• [Problem requirements]: Starting at the line that contains "writing and drawing.", write out each line through the end of the data below, exactly as it stands. Skip any pictures.

[Records from a data source]

+-------+

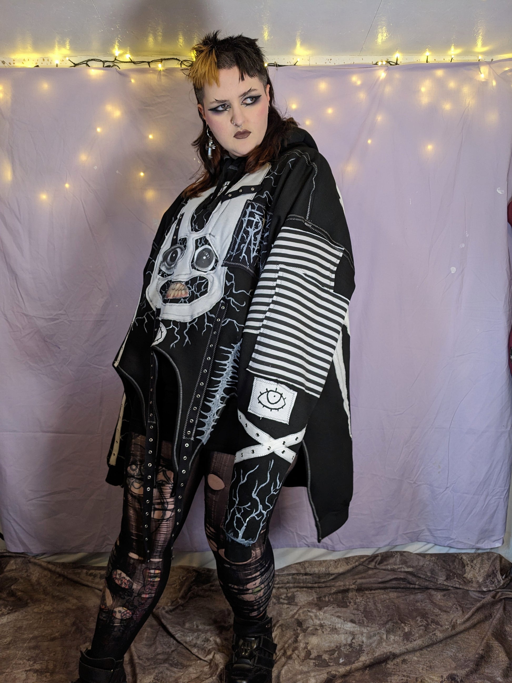 The garment is made from clean second-hand fabrics and clothing. These details add texture and charm! There may also be leftover chalk lines; these will wash off.
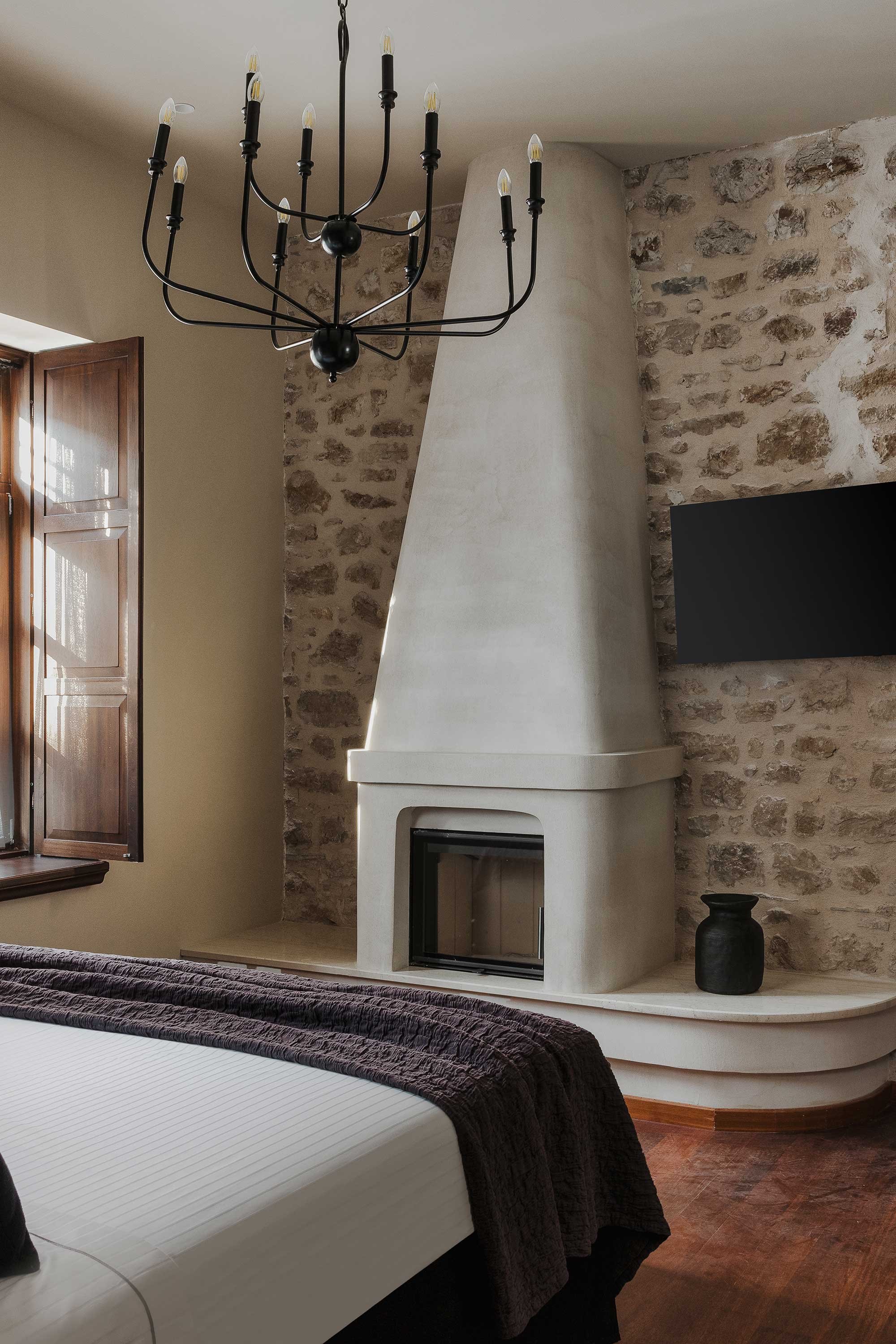 Ένα cozy δωμάτιο με μπανιέρα και τζάκι μέσα στον χώρο, για πιο χαλαρές και ζεστές στιγμές κατά τη διαμονή.
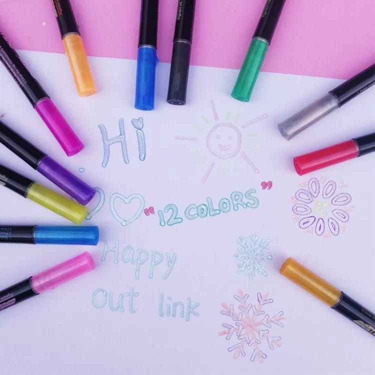 ◆ Diversified Vivid Colors: There are 12 colors of these self-outline metallic markers for you to choose from. Each pen is equipped with two different colors for you to mark. You can depict the letters in different colors with these dual color pens, thus adding a lot of fun to writing and drawing.
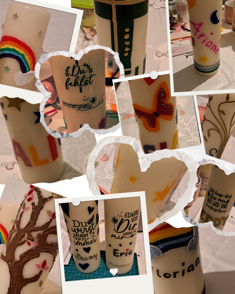 Es entstanden wieder wunderschöne Gedenkkerzen für unsere Kinder und den Candle-Lighting-Day im Dezember.
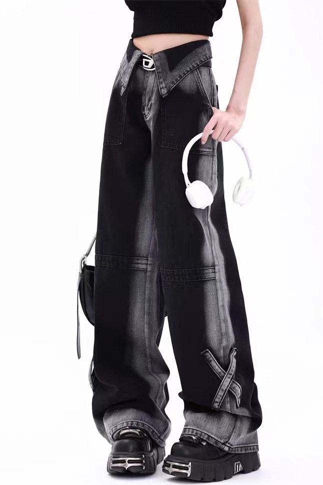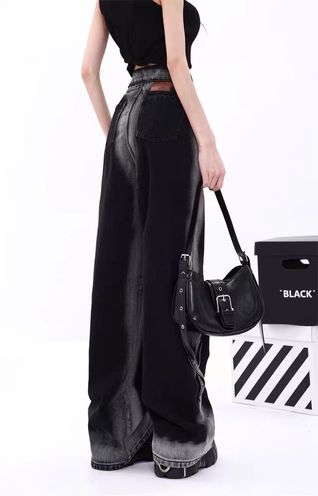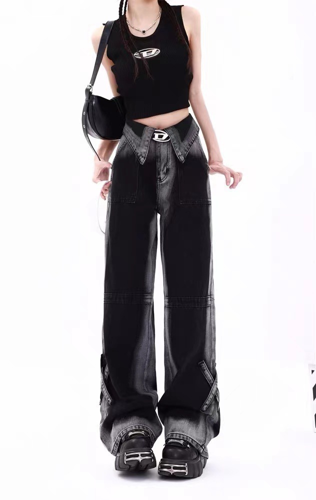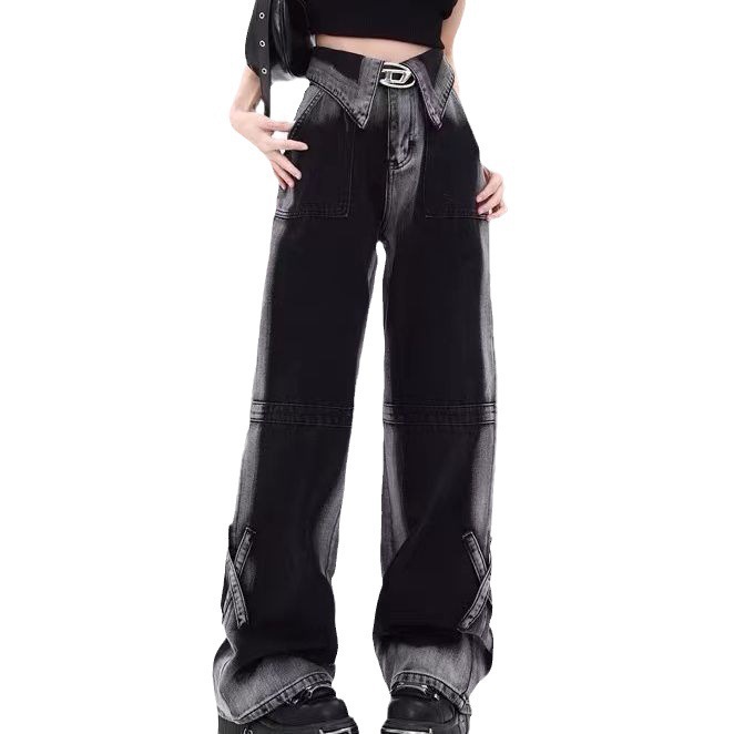 아메리칸 스타일 디자인 컬러 블록 줄무늬 스파이스 소녀 와이드 다리 청바지 여성의 2024 빈티지 틈새 느슨한 청바지스토어 가기

+-------+

• [Answer section]:
 ◆ Diversified Vivid Colors: There are 12 colors of these self-outline metallic markers for you to choose from. Each pen is equipped with two different colors for you to mark. You can depict the letters in different colors with these dual color pens, thus adding a lot of fun to writing and drawing.
 Es entstanden wieder wunderschöne Gedenkkerzen für unsere Kinder und den Candle-Lighting-Day im Dezember.
 아메리칸 스타일 디자인 컬러 블록 줄무늬 스파이스 소녀 와이드 다리 청바지 여성의 2024 빈티지 틈새 느슨한 청바지스토어 가기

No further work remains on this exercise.